When most people die, they move on to the afterlife. Those that manage to slip through the cracks and stay on Earth become rotting corpses who wreak havoc on the real world, and it’s up to the Rest in Peace Department to bring them in and restore order to the world.

Nick Walker (Ryan Reynolds) and recently murdered police officer who is given one more chance in the afterlife as part of the Rest in Peace Department. His new partner is veteran officer Roy Pulsipher (Jeff Bridges), a lawman gunslinger from the old Wild West who is known for his unorthodox methods of justice. Together they stumble upon an ancient plot to return the dead among the living and destroy the world.

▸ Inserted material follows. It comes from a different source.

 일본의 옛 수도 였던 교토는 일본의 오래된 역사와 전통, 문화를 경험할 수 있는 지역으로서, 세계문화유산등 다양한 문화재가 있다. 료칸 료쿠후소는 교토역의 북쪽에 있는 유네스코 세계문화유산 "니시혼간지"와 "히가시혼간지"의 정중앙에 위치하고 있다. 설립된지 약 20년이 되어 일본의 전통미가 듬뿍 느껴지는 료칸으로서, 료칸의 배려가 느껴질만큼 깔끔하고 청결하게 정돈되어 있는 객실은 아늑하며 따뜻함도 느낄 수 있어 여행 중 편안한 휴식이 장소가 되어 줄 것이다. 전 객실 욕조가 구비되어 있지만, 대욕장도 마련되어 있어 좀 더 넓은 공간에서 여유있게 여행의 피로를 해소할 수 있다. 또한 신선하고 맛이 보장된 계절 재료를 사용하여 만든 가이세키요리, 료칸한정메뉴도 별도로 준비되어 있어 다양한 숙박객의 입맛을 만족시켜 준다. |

Put simply, R.I.P.D. is a supernatural version of Men in Black only it’s less thrilling and less funny which is a shame because it actually has a decent cast. Jeff Bridges, Kevin Bacon, and Mary-Louise Parker have all done quality work in the past, and even Ryan Reynolds has had some shining moments, too. All of that seems to be thrown out the window here.

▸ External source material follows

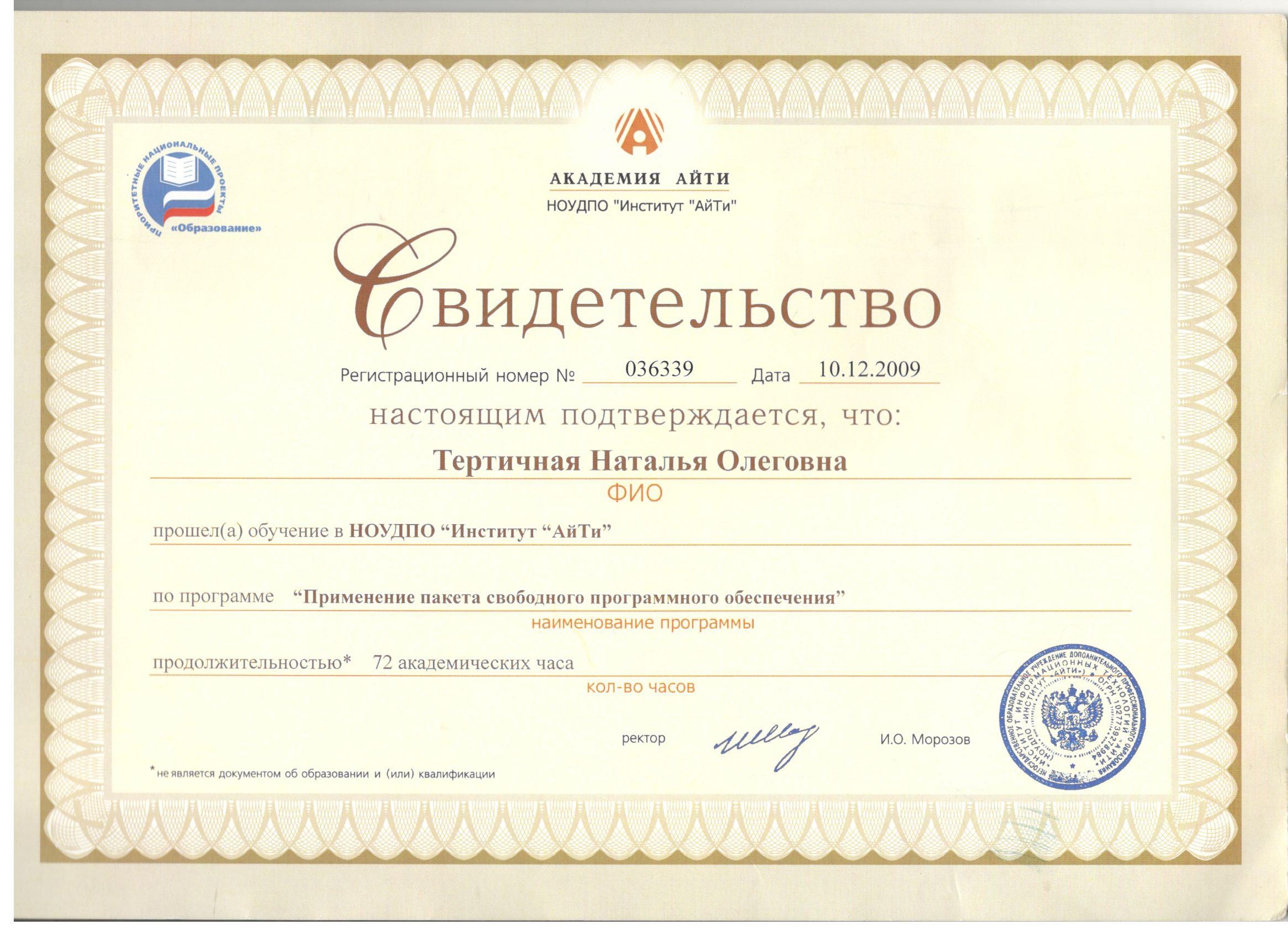 Обучение по курсу: Применение пакета свободного программного обеспечения. Документ о повышении квалификации: скачать

Since they’re dead, the living doesn’t see the bodies of Jeff Bridges and Ryan Reynolds but instead see their living avatars, which in this case is Marisa Miller for Bridges and James Hong for Reynolds. It’s an interesting plot device that could have worked well, had it been utilized in more diverse ways. Instead we’re just given short scenes of them in their human bodies that mainly consist of people gawking at how sexy Miller looks or how old Hong is. The novelty of it wears off quickly.

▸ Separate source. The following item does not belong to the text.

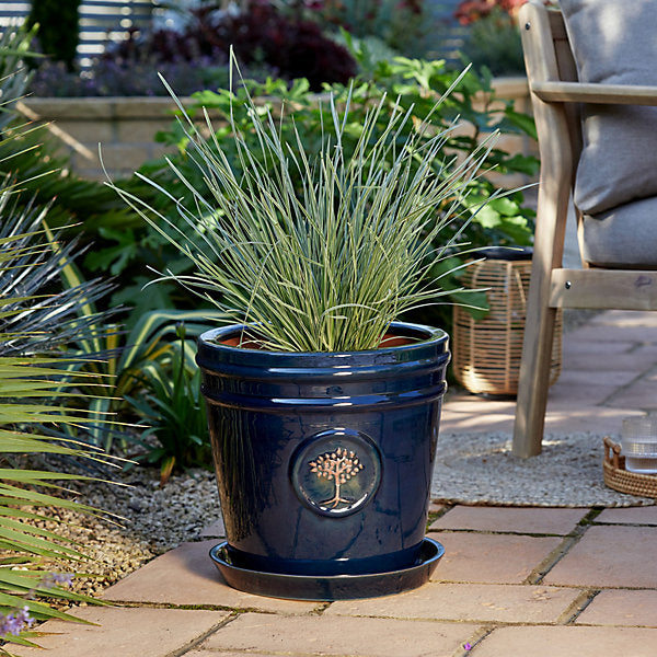 Verve Navy Blue Ceramic Plant pot (Dia) 32cm, (H)30cm

Bridges tries to channel his True Grit spirit once again for the role of Roy with his cowboy demeanor and western accent. The problem is that he goes way overboard with everything, making it impossibly difficult to understand what he’s saying. It makes him more of a comic relief character rather than lead actor. The humor is forced and is oftentimes cringe-worthy, resulting in more groans than laughs.

Another aspect that fails to meet expectations is the substandard special effects. Monsters look boring, like they’ve been cut and pasted into scenes and show little creativity when it comes to their design. They’re either massive blobs of flesh or have unhinged jaws showcasing how wide they can open their mouths. Why R.I.P.D. is in 3D as well I’ll never know, but it doesn’t make it look any better.

I’ve never read the comic R.I.P.D. is based on but I can’t imagine the film doing it any justice. It’s an uninteresting and unamusing chore that underutilizes its entire cast. If you’re not a mindless zombie going into seeing R.I.P.D. you will be when you leave.